In February 2003, as Powell briefed the National Security Council on his upcoming UN speech, I spoke up once again on Khurmal. If we were ever going to hit the facility and have a favorable result, we would have to do it at the same time, or preferably just before, Powell spoke, since he would be telling the world that we knew about the WMD facility. Once the terrorists learned from Powell’s speech that we were aware of their presence, they would flee.
Before the NSC meeting ended, I offered my recommendation for the last time: “We should hit Khurmal during the speech,” I said, “given that Colin will talk about it.”

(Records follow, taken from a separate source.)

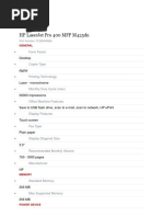Printer Type : Multifunction Functions : Color print; color copy; color scan Printer Technology : Laser Printer Interface : USB 2.0 Printer Output : Color Printer / Max Resolution ( B&W ) : 1200 dpi x 600 dpi Printer / Max Resolution ( Color ) : Up to 1200 x 600 dpi Printer Language Simulation : PDF 1.4; HP PCL 5; HP PCL 6 Duty Cycle : Up to 75,000 pages/M RAM Max Supported Size : 1 GB Hard Drive Capacity : 80 GB PC Compatibility : PC; Mac OS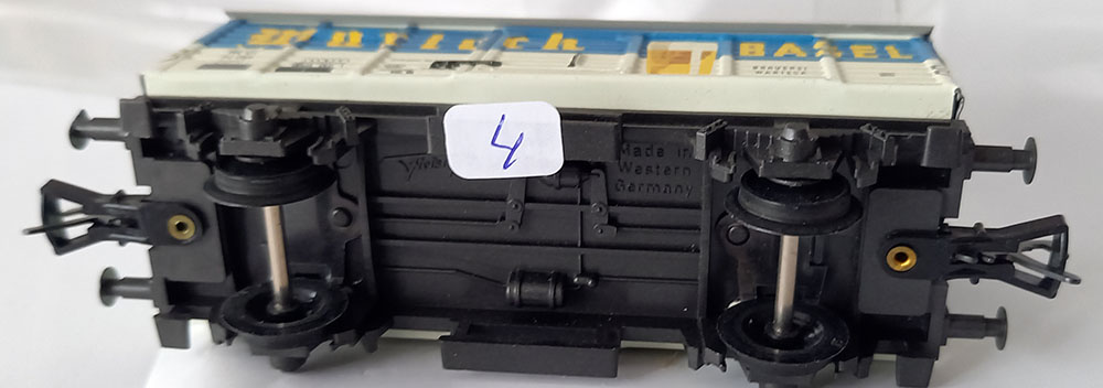 Blikken opbouw, onderstel kunststof, kleur wit/blauw. Lengte 105 mm. In produktie van 1967 – 1974. Wordt geleverd in de originele verpakking. Uitstekende staat.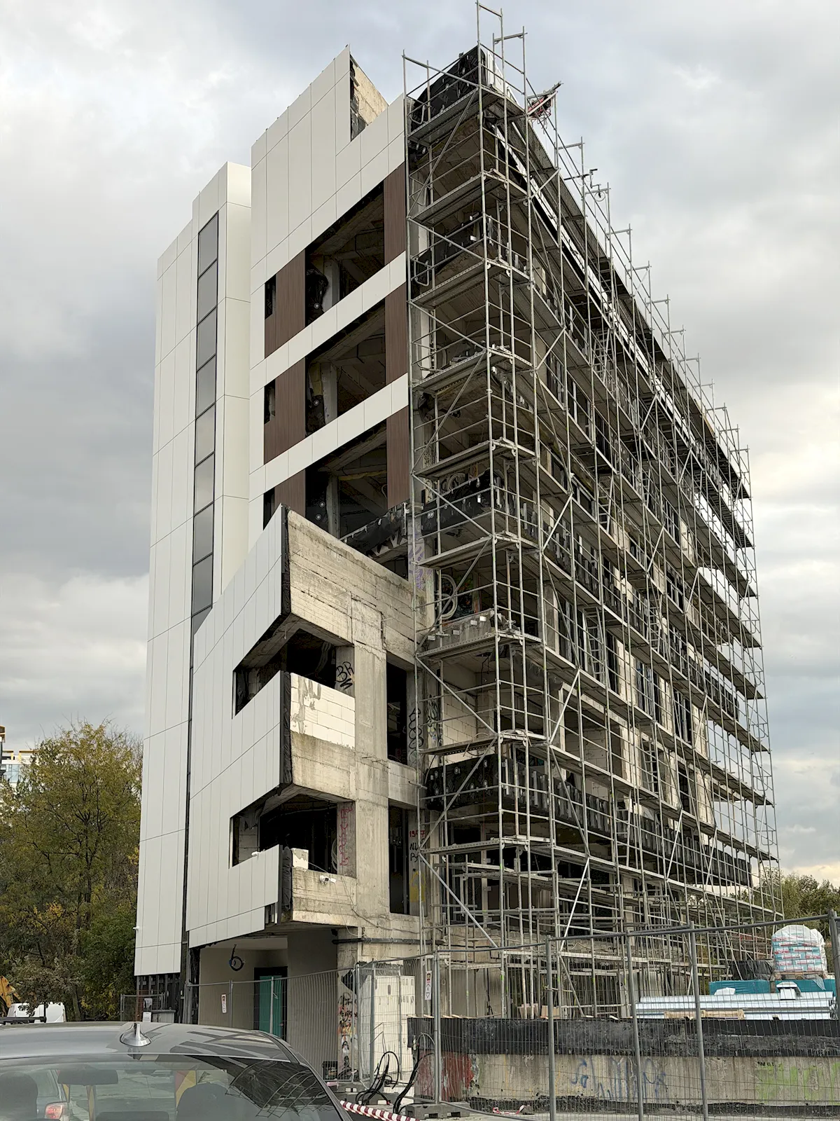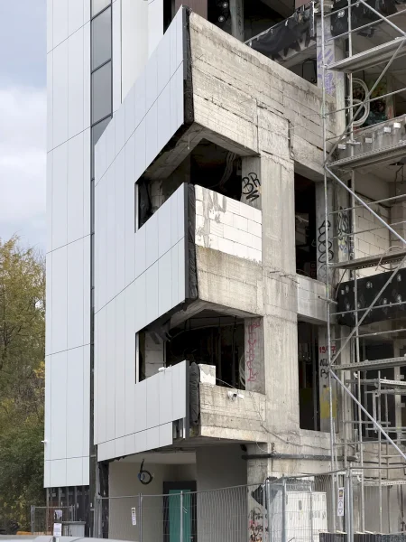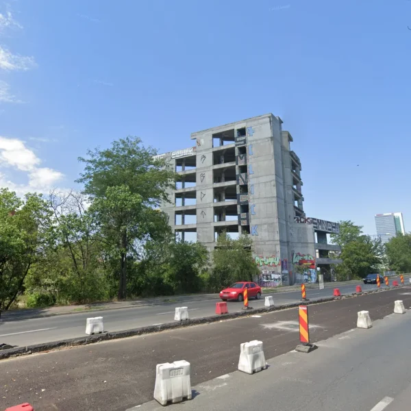 Era chiar bine poziționată acolo, cu vedere la lac și la clădirile de sticlă de la Aurel Vlaicu. Sunt vreo 15 ani de când este însă abandonată, cu graffiti pe la fiecare etaj, gunoaie aruncate în interior și restul lucrurilor uzuale pentru așa ceva. Autorizația inițială de construcție a fost eliberată în decembrie 2008 și prelungită în 2010 și 2013

Powell objected. “That would wipe out my briefing,” he said, adding, “We’re going to get Khurmal in a few weeks anyway.”12
In his dramatic address before the UN Security Council on February 5, 2003, Powell presented recordings, satellite photographs, and documents that he argued proved that Iraq was engaged in WMD activities in defiance of the UN. “My colleagues, every statement I make today is backed up by sources, solid sources,” Powell told the Security Council. “These are not assertions. What we are giving you are facts and conclusions based on solid intelligence.”13
On the subject of nuclear weapons, Powell left no room for doubt about his convictions about Saddam’s intentions. “[W]e have more than a decade of proof that he remains determined to acquire nuclear weapons,” Powell said, with the authority of his years of military and diplomatic service. “Saddam Hussein is determined to get his hands on a nuclear bomb.” He echoed the Agency’s estimates about linkages between the Iraqi regime and al-Qaida. “[W]hat I want to bring to your attention today,” he said, “is the potentially much more sinister nexus between Iraq and the al-Qaida terrorist network, a nexus that combines classic terrorist organizations and modern methods of murder.”14 Powell went on to finger Khurmal. “[T]he Zarqawi network,” he said, “helped establish another poison and explosive training center camp ... and this camp is located in northeastern Iraq.”15
As expected, shortly after Powell’s speech was delivered, many of the terrorists fled Khurmal. When our troops and intelligence operatives eventually arrived there in March 2003, days after the war in Iraq began, they engaged in a firefight with the terrorists remaining.16 By then, much of the facility had been destroyed by cruise missile strikes and fighting on the ground, but clear signs of chemical weapons production were found, including chemical hazard suits, manuals to make chemical weapons in Arabic, and traces of the deadly toxins cyanide, ricin, and potassium chloride.17 For whatever reason, the administration never made public these facts about an active WMD production facility run by terrorists in Iraq. Members of Ansar al-Islam would later become part of the insurgency. Ironically, had Powell not objected to the DoD and CIA proposal to attack the Khurmal site before he gave his presentation to the UN, we might have been able to gather the conclusive evidence of an active WMD facility, that he said existed in his UN speech.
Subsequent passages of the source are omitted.